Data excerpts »
== Segment start ==

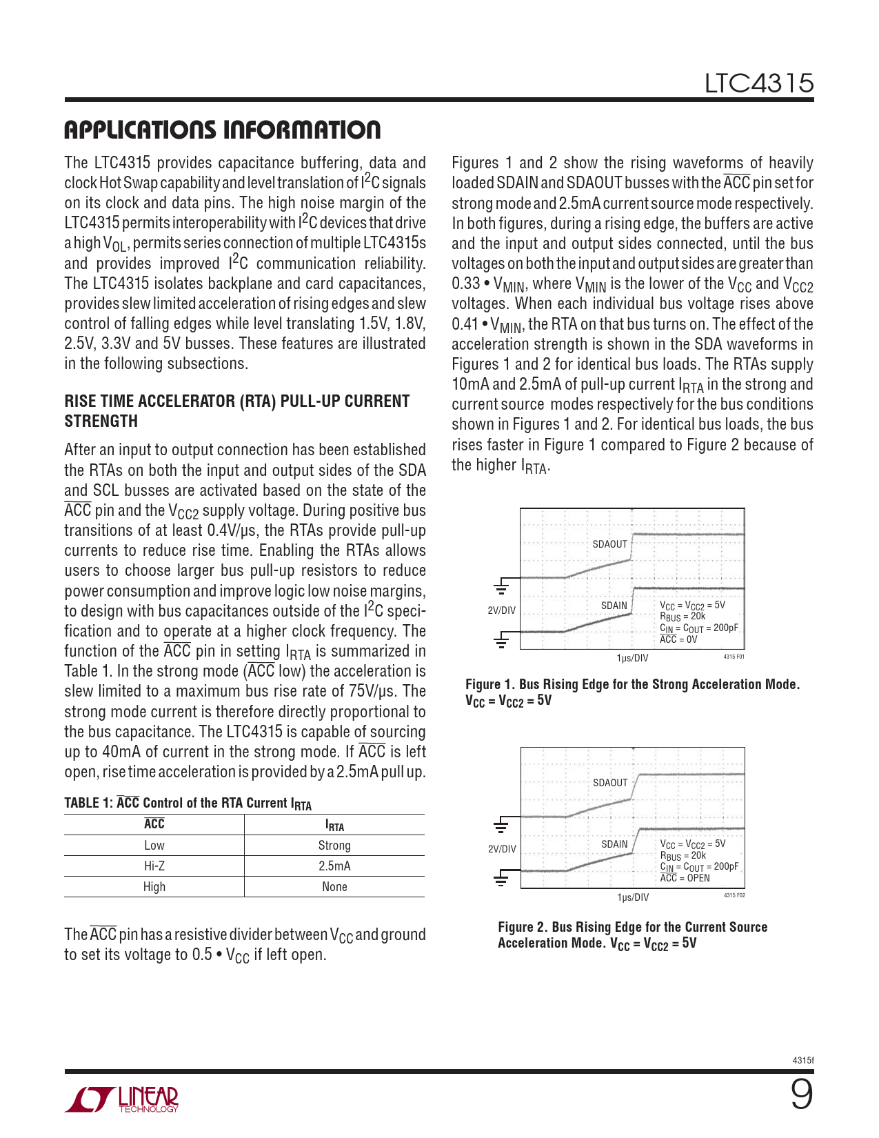 strong mode current is therefore directly proportional to the bus capacitance. The LTC4315 is capable of sourcing up to 40mA of current in the strong mode. If ACC is left open, rise time acceleration is provided by a 2.5mA pull up. SDAOUT
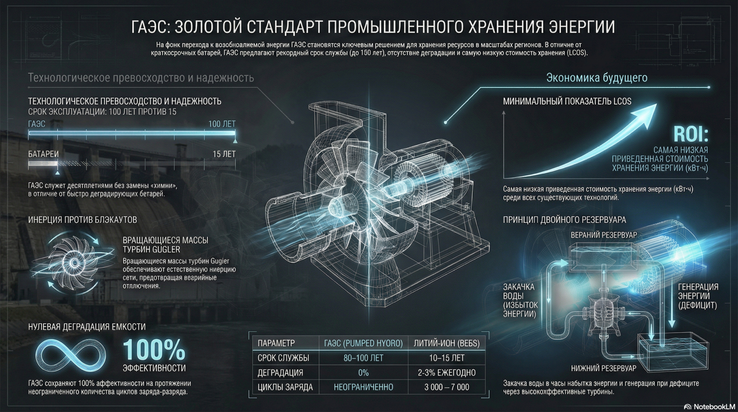 Главное преимущество — инерция. В отличие от батарей, вращающиеся массы ГАЭС обеспечивают естественную инерцию сети, что критически важно для предотвращения аварийных отключений (Blackout).
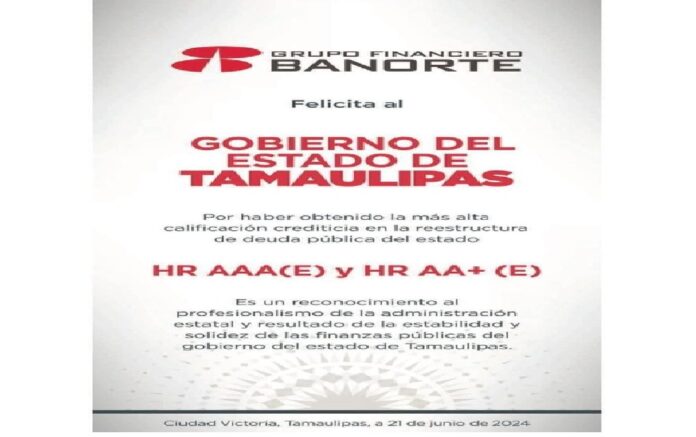 «Es un reconocimiento al profesionalismo de la administración estatal y resultado de la estabilidad y solidez de las finanzas públicas del Gobierno del Estado de Tamaulipas», expresó Banorte.
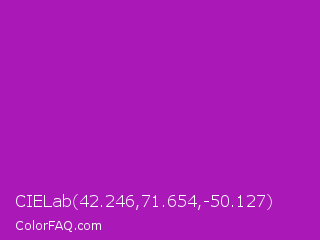 CIELab 42.246,71.654,-50.127 Color is a normal magenta color and the nearest color is Heliotrope Magenta #aa00bb. Hex code #aa18b8 and RGB value is rgb(170,24,184). In RGB color space, this color is composed of 67% red, 9% green, 72% blue, In CMYK color space, this color is composed of 8% cyan, 87% magenta, 0% yellow , 28% black , In HSL color space, this color has a hue angle of 295° , 77% saturation and 41% lightness.
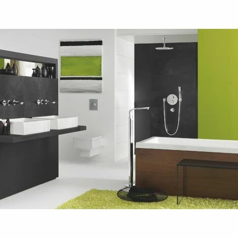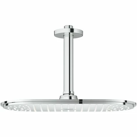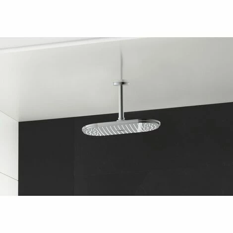 Absoluter Blickfang in Ihrer Dusche – das Grohe Rainshower Veris Kopfbrauseset.Die hochwertige und absolut pfegeleichte Chromoberfläche StarLight und die ovale Form der Brause werden zum Hingucker im Ihrem Badezimmer. Die DropStop-Technologie verhindert ein unnötiges Nachtropfen der Brause. Unansehnliche Kalkablagerungen an der Brause entfernen Sie einfach, indem Sie mit den Fingern über die Silikondüsen wischen dank des GROHE SpeedClean Antikalk-Systems.Mit dem integrierten Kugelgelenk können Sie die Brause nach Ihren Wünschen ausrichten. Für ein vollkommenes Duscherlebnis sorgt die Grohe DreamSpray-Technologie, die eine belebende und gleichmäßige Verteilung des Wassers auf alle aktiven Düsen gewährleistet.GROHE DreamSpray: perfektes StrahlbildGROHE EcoJoy: sparsam bei vollem Duschgenuss GROHE StarLight ChromoberflächeGROHE SpeedClean Antikalk-System1 Strahlart: Rain (gleichmäßiger, weicher Strahl)Wasserverbrauch: max. 9,5 Liter / minfür Durchlauferhitzer geeignetDeckenauslass 142
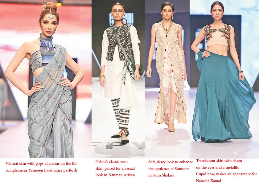 Keeping the ala mode collections in mind, the makeup team worked with relaxed hair, effortless chic with zero makeup dewy skin and glossy kohled eyes. “We used pops of colours like classic reds and neons to complement the various designer collections,” shares Nabila while talking about the look she had opted for her models for the show. Moreover, the dominant look this year was the stylist’s signature look - zero makeup with a dewy and fresh feel to enhance the features.
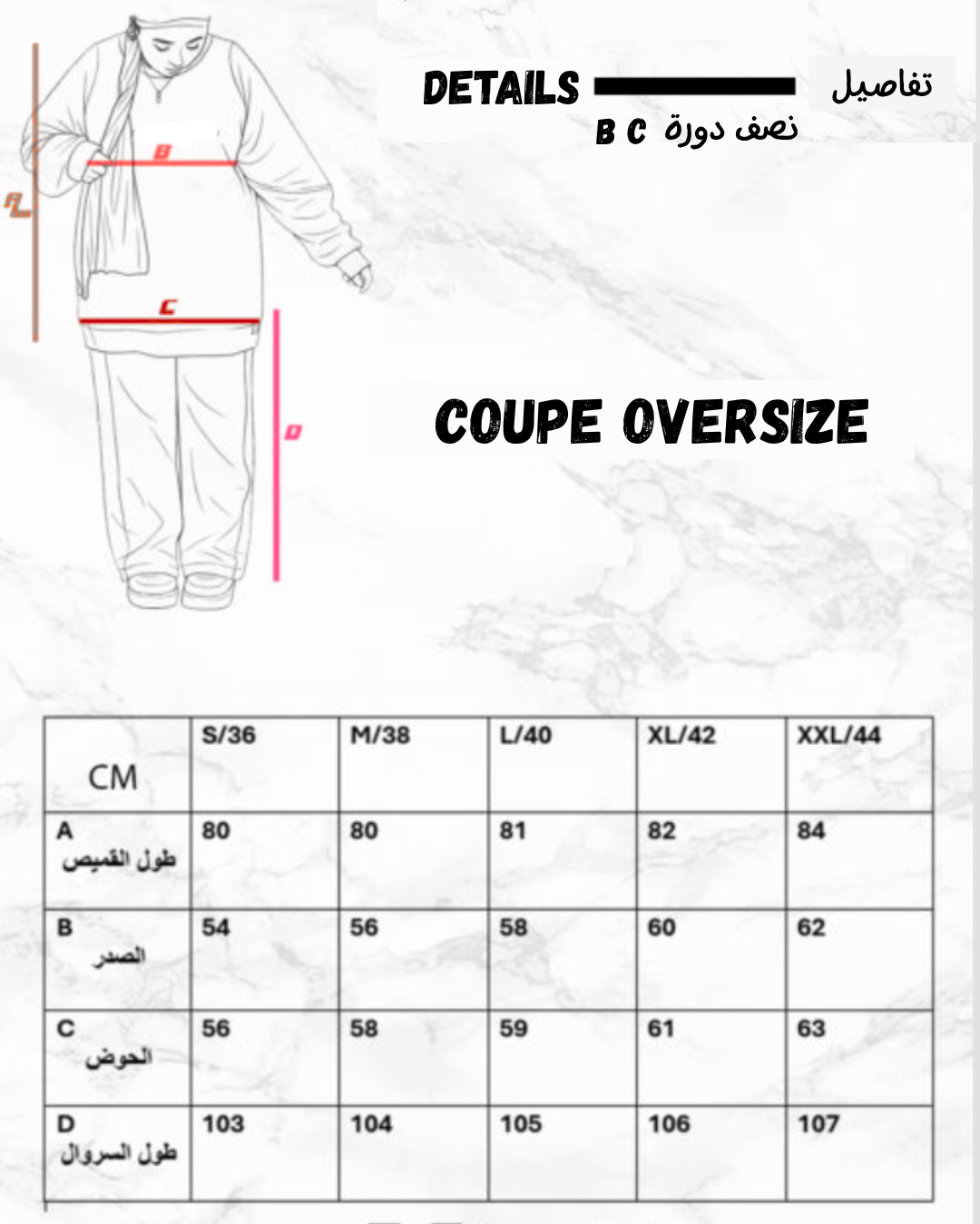 le mannequin porte la taille XL et mesure 1m65

== Segment end ==

Exercise details » Give again, word for word, the line that contains "un reconocimiento al" and every line after it through the end of the entries; omit the pictures.

Reply »
 «Es un reconocimiento al profesionalismo de la administración estatal y resultado de la estabilidad y solidez de las finanzas públicas del Gobierno del Estado de Tamaulipas», expresó Banorte.
 CIELab 42.246,71.654,-50.127 Color is a normal magenta color and the nearest color is Heliotrope Magenta #aa00bb. Hex code #aa18b8 and RGB value is rgb(170,24,184). In RGB color space, this color is composed of 67% red, 9% green, 72% blue, In CMYK color space, this color is composed of 8% cyan, 87% magenta, 0% yellow , 28% black , In HSL color space, this color has a hue angle of 295° , 77% saturation and 41% lightness.
 Absoluter Blickfang in Ihrer Dusche – das Grohe Rainshower Veris Kopfbrauseset.Die hochwertige und absolut pfegeleichte Chromoberfläche StarLight und die ovale Form der Brause werden zum Hingucker im Ihrem Badezimmer. Die DropStop-Technologie verhindert ein unnötiges Nachtropfen der Brause. Unansehnliche Kalkablagerungen an der Brause entfernen Sie einfach, indem Sie mit den Fingern über die Silikondüsen wischen dank des GROHE SpeedClean Antikalk-Systems.Mit dem integrierten Kugelgelenk können Sie die Brause nach Ihren Wünschen ausrichten. Für ein vollkommenes Duscherlebnis sorgt die Grohe DreamSpray-Technologie, die eine belebende und gleichmäßige Verteilung des Wassers auf alle aktiven Düsen gewährleistet.GROHE DreamSpray: perfektes StrahlbildGROHE EcoJoy: sparsam bei vollem Duschgenuss GROHE StarLight ChromoberflächeGROHE SpeedClean Antikalk-System1 Strahlart: Rain (gleichmäßiger, weicher Strahl)Wasserverbrauch: max. 9,5 Liter / minfür Durchlauferhitzer geeignetDeckenauslass 142
 Keeping the ala mode collections in mind, the makeup team worked with relaxed hair, effortless chic with zero makeup dewy skin and glossy kohled eyes. “We used pops of colours like classic reds and neons to complement the various designer collections,” shares Nabila while talking about the look she had opted for her models for the show. Moreover, the dominant look this year was the stylist’s signature look - zero makeup with a dewy and fresh feel to enhance the features.
 le mannequin porte la taille XL et mesure 1m65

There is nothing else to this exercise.